Чернышевский имел единое, цельное мировоззрение, и каждое явление рассматривал исходя из своих общих принципов. Поэтому подход его к проблеме общины аналогичен решению этической проблемы. Эгоизм? Да, но разумный. Община? Да, но защищающая и сохраняющая личность. В России, как он неоднократно подчеркивал, за века существования не выработалось институтов, которые могли бы дать хотя бы некоторую гарантию личной независимости и безопасности: ни цехов, ни корпораций, ни независимых сословий, в недрах которых могла бы состояться личность. «До половины XVII века вся Европейская Россия была театром таких событий, при которых можно дивиться разве тому, что уцелели в ней хотя те малочисленные жители, которых имела она при Петре. Татарские набеги, нашествие поляков, многочисленные шайки разбойников, походившие своей громадностью на целые армии, – все это постоянно дотла разоряло русские области. Они опустошались также страшною неурядицею управления… Только с XVII века внешние разорители были обузданы, и внутренняя администрация стала несколько улучшаться… Если теперь производятся вещи, тысячной доли которых не мог описать Щедрин, то рассказы наших отцов и дедов свидетельствуют, что в их времена господствовал произвол, невероятный даже для нас» (Чернышевский, Суеверия и правила логики, V, 690). Оставалась община, которую он и подверг пристальному рассмотрению и анализу.

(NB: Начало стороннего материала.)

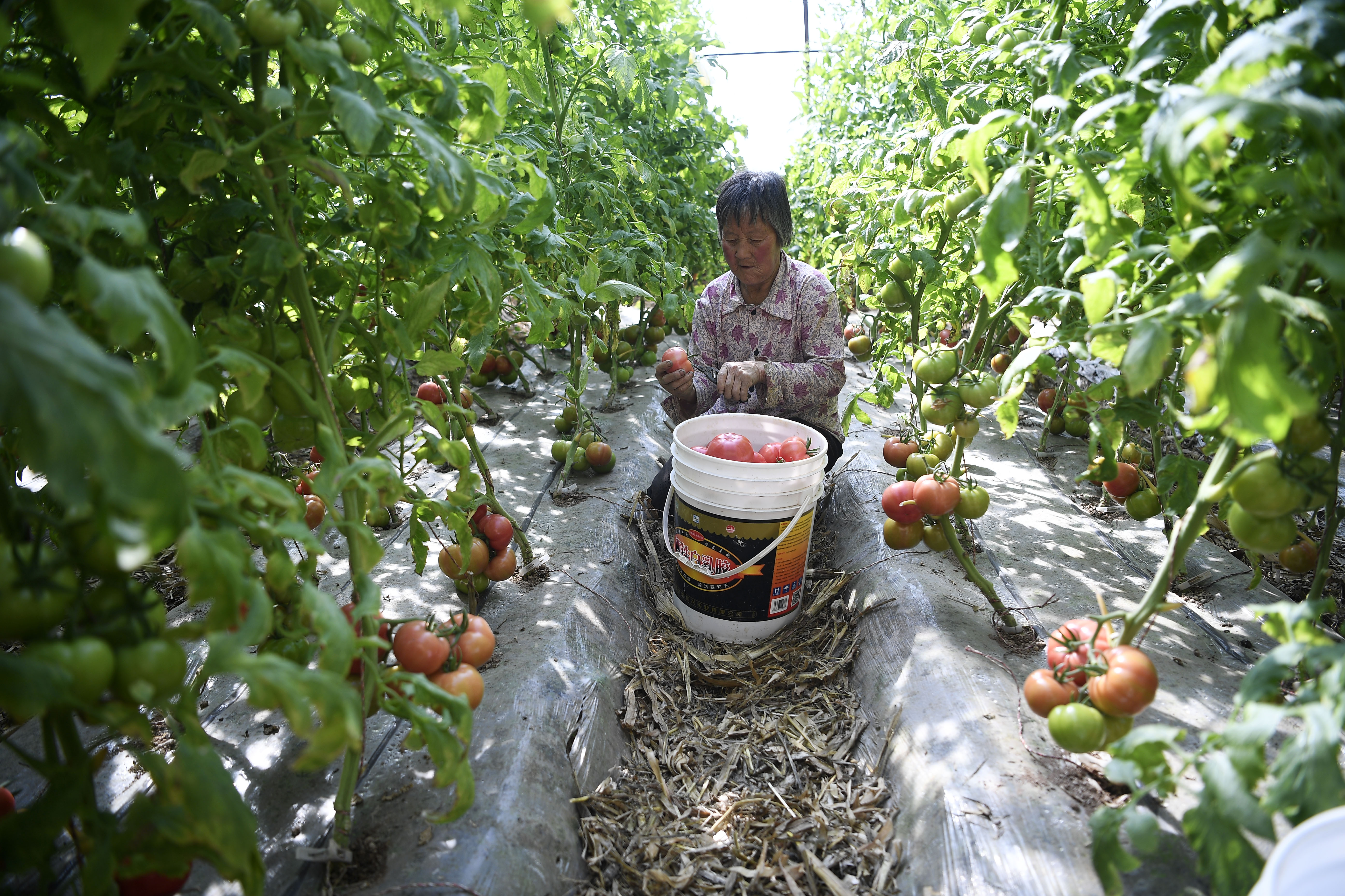 A farmer picks tomatoes at a modern agricultural park in Helan County, Yinchuan, northwest China's Ningxia Hui Autonomous Region, Feb. 22, 2020. (Xinhua/Wang Peng)

«Общинное поземельное устройство в том виде, как существует теперь у нас, – так начинает он свою защиту общинного принципа в России и критику предубеждений против него, – существует у многих других народов, еще не вышедших из отношений, близких к патриархальному быту, и существовало у всех других, когда они были близки к этому быту… Вывод из этого ясен. Нечего нам считать общинное владение особенною прирожденною чертою нашей национальности, а надобно смотреть на него как на общую человеческую принадлежность известного периода в жизни каждого народа». Далее следовал пассаж, сразу разводивший его концепцию со славянофильской и будущей народнической: «Сохранением этого остатка первобытной древности гордиться нам тоже нечего, как вообще никому не следует гордиться какою бы то ни было стариною, потому что сохранение старины свидетельствует только о медленности и вялости исторического развития» (Чернышевский, Критика философских предубеждений против общинного владения, V, 362). Итак, гордиться нечем, но это – данность, и с ней необходимо реальному деятелю считаться.
Противники общины говорили, что в общине хотя все равны, но зато все одинаково бесправны. Чернышевский отвечал некоторыми весьма интересными примерами из разных областей жизни. Скажем, в патриархальном народе шейх носит такой же в принципе бурнус, как и последний бедуин его племени, в цивилизованном обществе люди будут ходить в пальто одного покроя. Либо: «Вне цивилизации, – пишет он, – человек безразлично говорит одинаковым местоимением со всеми другими людьми. Наш мужик называет одинаково “ты” и своего брата, и барина, и царя. Начиная полироваться, мы делаем различие между людьми на “ты” и на “вы”. При грубых формах цивилизации “вы” кажется для нас драгоценным подарком человеку, с которым мы говорим, и мы очень скупы на такой почет. Но чем образованнее становимся мы, тем шире делается круг “вы”, и, наконец, француз, если он только скинул сабо, почти никому уже не говорит “ты”. Но у него осталась еще возможность, если захочет, кольнуть глаза наглецу или врагу словом “ты”. Англичанин потерял и эту возможность: из живого языка разговорной речи у него совершенно исчезло слово “ты”» (Чернышевский, Критика философских предубеждений против общинного владения, V, 369–370). Иными словами, с развитием цивилизации развивается, прежде всего, начало личности, высокое «Вы», когда каждый из народа делается личностью. И тогда, по Чернышевскому, наступает то равенство, которое мы наблюдаем в общине, только на ином уровне. «Высшая степень развития представляется по форме возвращением к первобытному началу развития. Само собою разумеется, что при сходстве формы содержание в конце безмерно богаче и выше, нежели в начале» (Чернышевский, V, 368).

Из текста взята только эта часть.